“Presentándote tú en todo como ejemplo de buenas obras; en la enseñanza mostrando integridad, seriedad” Tito 2:7
Temprano en la mañana, me encontraba en la cocina; el desayuno estaba listo y servido en la mesa, me había esmerado en tenerlo a tiempo para cuando llegaran los miembros de mi familia al comedor. Nos sentamos a desayunar y noto un pequeño rostro malhumorado que no apetece nada. Indago, pregunto, ofrezco opciones y veo que nada le hace cambiar de humor, entonces le recuerdo Proverbios 25:28 “como ciudad derribada y sin muros es el hombre cuyo espíritu no tiene riendas”. Hablamos de la importancia del dominio propio, de cómo somos presa fácil del pecado cuando nos dejamos llevar de nuestras emociones, de cómo aún podemos perturbar el buen humor y el clima de paz del hogar; luego de una conversación como ésta surge un rostro de arrepentimiento y convicción de pecado. “¡Gracias Señor!” –pienso- y le alabo por haber obrado en esa pequeña alma.
Así nos levantamos de la mesa y seguimos en las ocupaciones del día. No bien ha pasado media hora, cuando surge una situación que entorpece mi buen humor, y el momento anterior de victoria desaparece de mi mente: se nubla mi razón, se frunce mi ceño, se endurece mi voz, irrumpo con palabras ásperas y se enardece mi espíritu…De repente siento como si un balde de agua fría cayera sobre mí, veo el pequeño rostro al que hacía unos minutos había ministrado, mirando la reacción que tuve, en mi interior toda la turbulencia de ira se tornó en tempestad de dolor y vergüenza, hice justo lo que le había advertido que no agradaba a Dios.
¿Qué hago?
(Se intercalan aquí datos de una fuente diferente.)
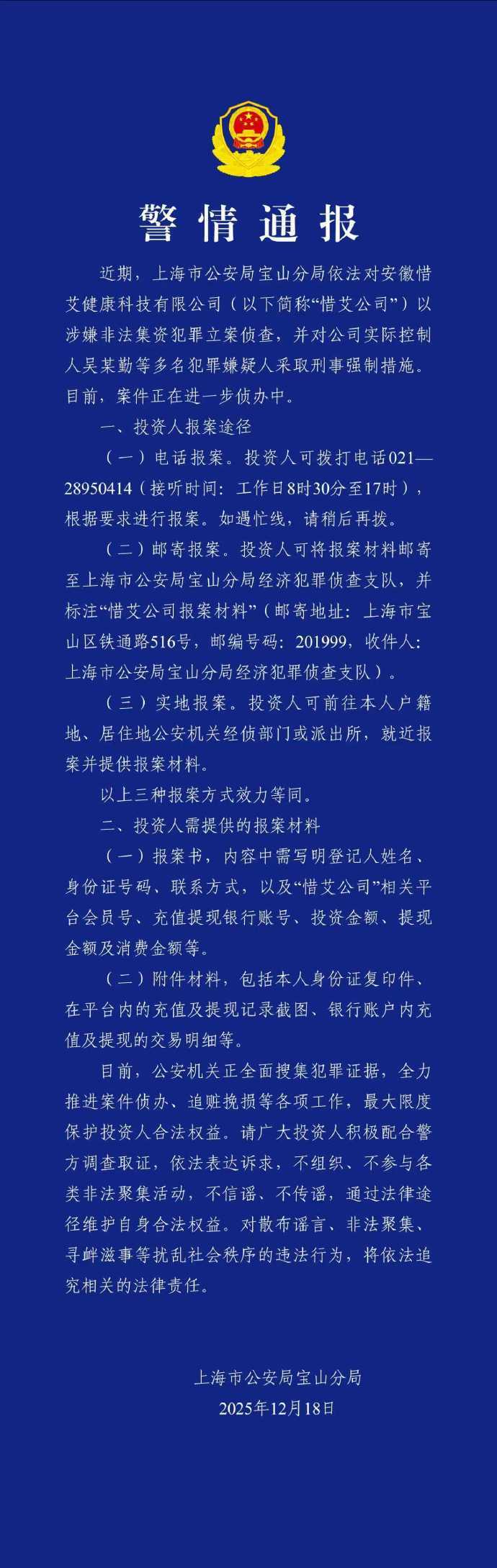 上海市公安局宝安分局12月18日通报,近期,上海市公安局宝山分局依法对安徽惜艾健康科技有限公司以涉嫌非法集资犯罪立案侦查,并对公司实际控制人吴某勤等多名犯罪嫌疑人采取刑事强制措施。目前,案件正在进一步侦办中。
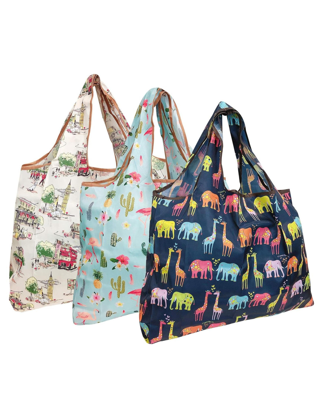 Estas elegantes bolsas reutilizables son extra grandes y espaciosas; perfectas para llevar comestibles, ir de compras, usarlas como mochila o bolsa de almuerzo, y cualquier otro uso que tengas para ellas. Super duraderas por naturaleza, estas bolsas pueden llevar hasta 19.96 kilogramos (44 libras), son impermeables y se pueden usar una y otra vez. Nunca más uses bolsas de plástico, que solo se pueden usar una vez. Estas bolsas reutilizables pueden ayudarte a reducir tu huella de carbono al disminuir tu consumo de plástico. Elige entre diseños elegantes que mostrarán tu personalidad. Cuando no estén en uso, puedes convenientemente doblar la bolsa en el bolsillo interior, guardándola de manera conveniente. Vendidas como un juego de 3. Las bolsas de plástico contaminan nuestro medio ambiente y solo se pueden usar una vez. Los animales marinos a menudo confunden los desechos plásticos, como las bolsas de plástico, con comida. También a veces terminan atrapados en los desechos plásticos que tiramos cuando llegan a nuestros océanos y ríos. Ayuda a hacer la diferencia reduciendo el consumo de plástico; ¡usa bolsas reutilizables en su lugar! Las bolsas reutilizables se pueden usar una y otra vez a diferencia de las bolsas de plástico que a menudo solo se usan una vez.
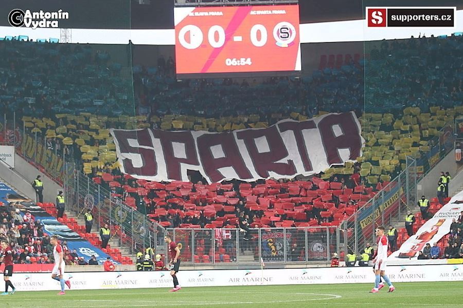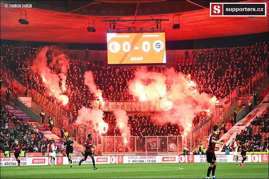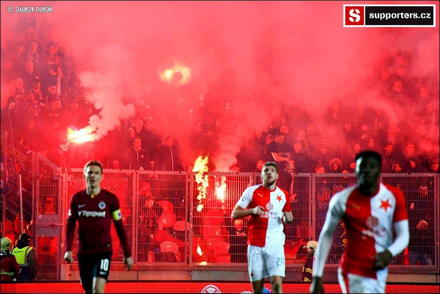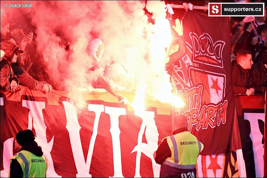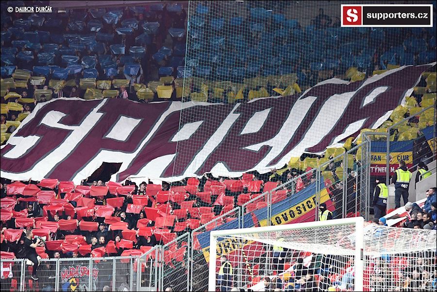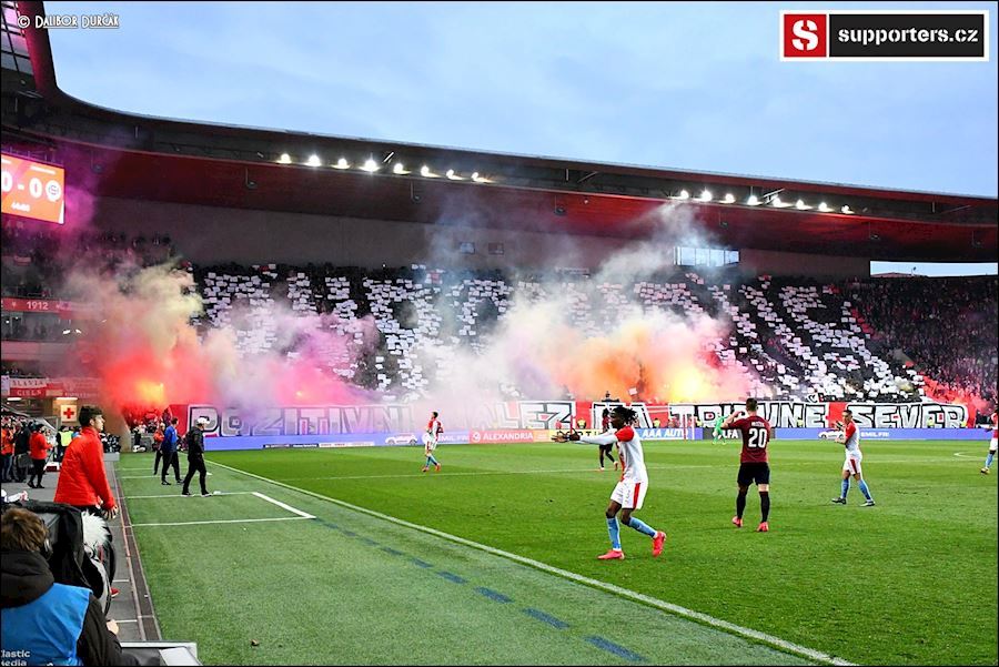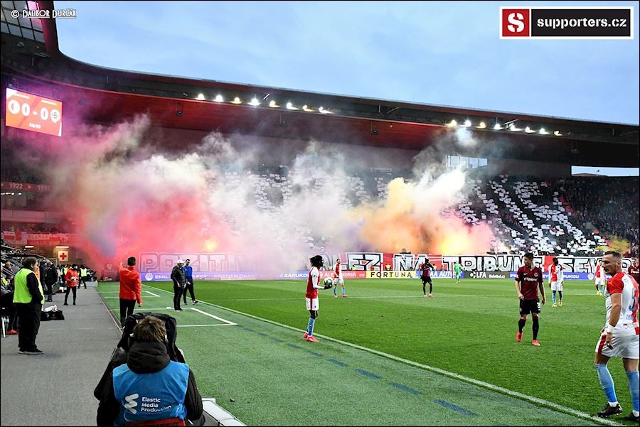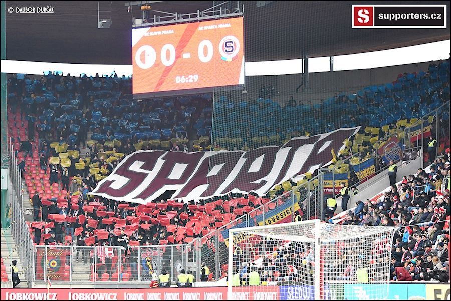 Tím ale ultras aktivity rozhodně neskončily. Prezentovali se také fanoušci v sektoru hostí a ještě do přestávky stihli svou druhou choreografii předvést také Slavisté.
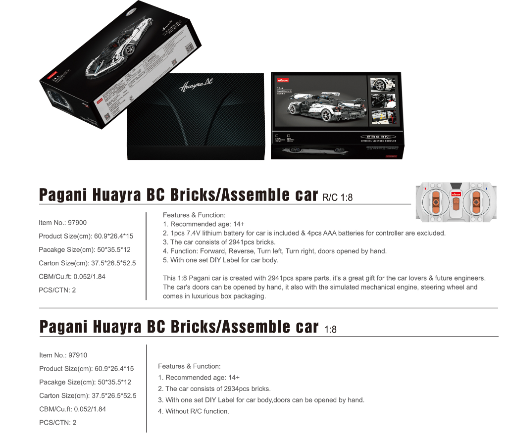 Pagani Huayra BC Bricks/Assemble Car (1:18)
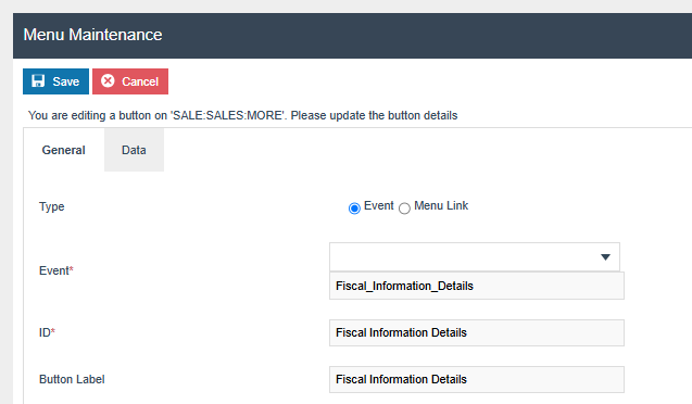 Create a menu button in SALES menu with event “Fiscal_Information_Details”
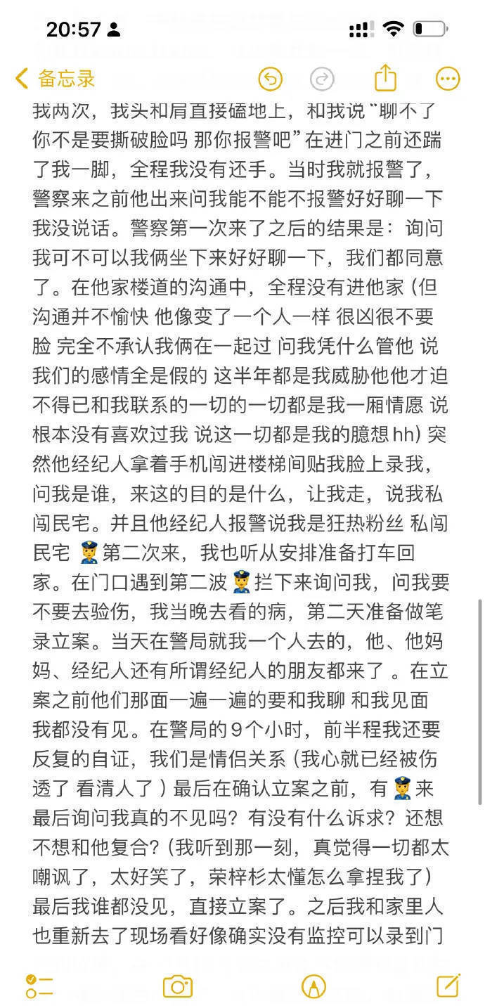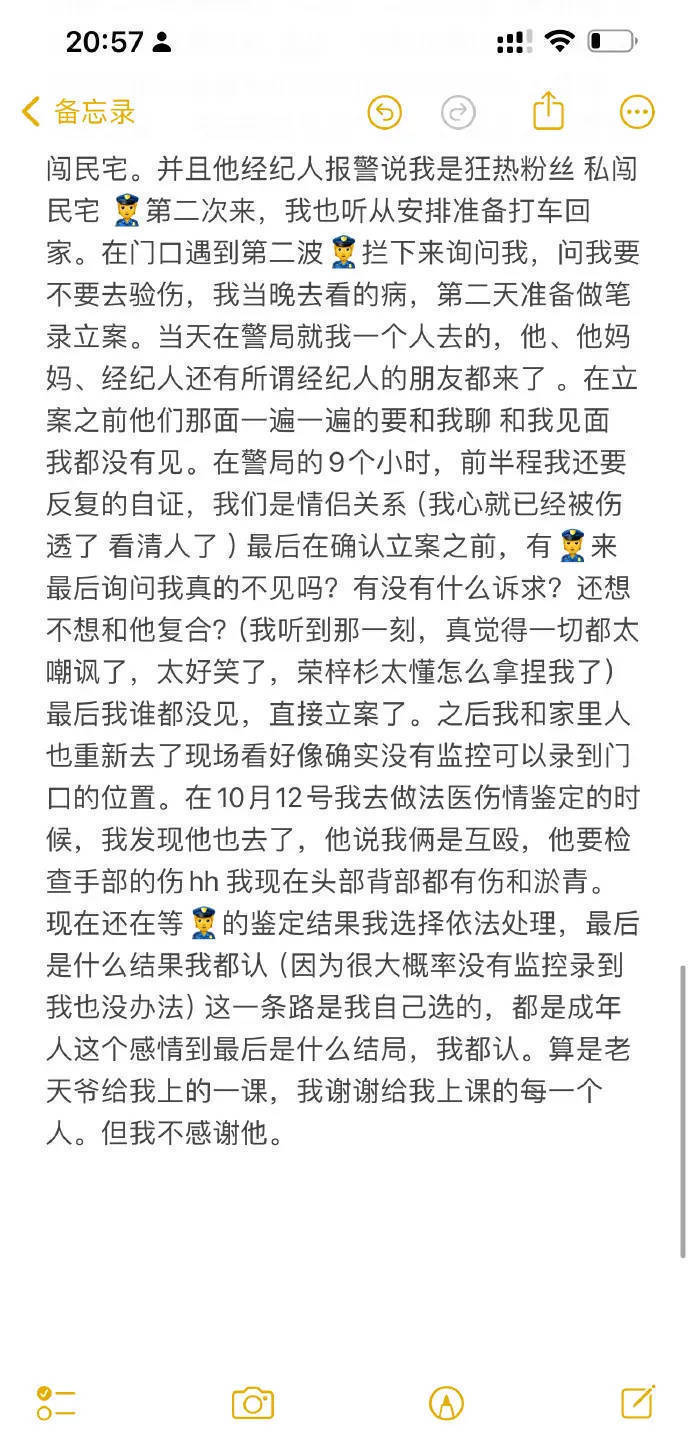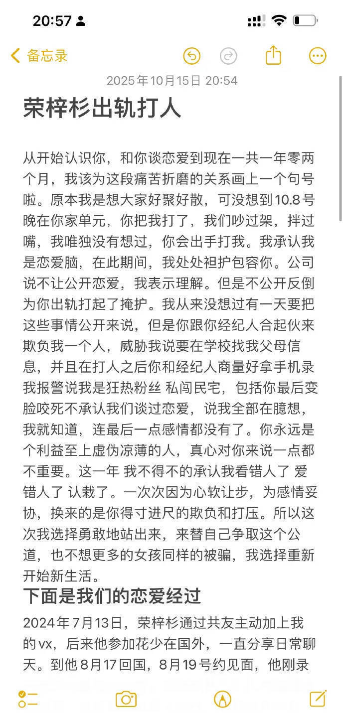 此前一日,她曾发布长文指控荣梓杉在三个月恋爱期间实施冷暴力、与多名女性暧昧交往,并存在动手行为,还附上医院出具的中度焦虑和抑郁诊断证明,要求对方道歉。

Me pregunté, bueno… cambio el tono y sigo como si nada hubiera ocurrido, quizás no se dé cuenta y no pasa de ahí, o sufro la consecuencia natural de haber pecado: me humillo, pido perdón (a Dios, al ofendido y a mi hijo). Creo que la segunda opción es la correcta, así que sigo los pasos de arrepentimiento, y doy un ejemplo a mi pequeño de aquello que le había enseñado, mostrándole así cómo vivir el Evangelio: servimos a Dios y no a los hombres.
Nuestro ejemplo en el diario vivir habla más que mil palabras, nuestras vidas se están desarrollando como en una pantalla frente a nuestros hijos y la forma en que respondemos a las diferentes situaciones que se nos presentan le dirá a ellos qué es lo realmente importante para nosotras, no importa cuántos versículos le recite, si ellos no ven un modelo de humildad y deseo de agradar a Dios, los mismos no harán eco en ellos. Claro que la gracia de Dios puede actuar por encima de nosotras, pero nuestro Señor quiere que prediquemos con el ejemplo, alguien dijo una vez: “Tus hechos hablan más altos que tus palabras”.
Oremos a Dios que nos dé la suficiente humildad para admitir nuestros pecados delante de nuestros hijos y para hacer de nuestro hogar un lugar donde la gracia sea evidente.
Para reflexionar: ¿Están nuestros hechos ahogando nuestras palabras? ¿Estamos dispuestas a deponer nuestro orgullo y vivir en humildad delante de los nuestros?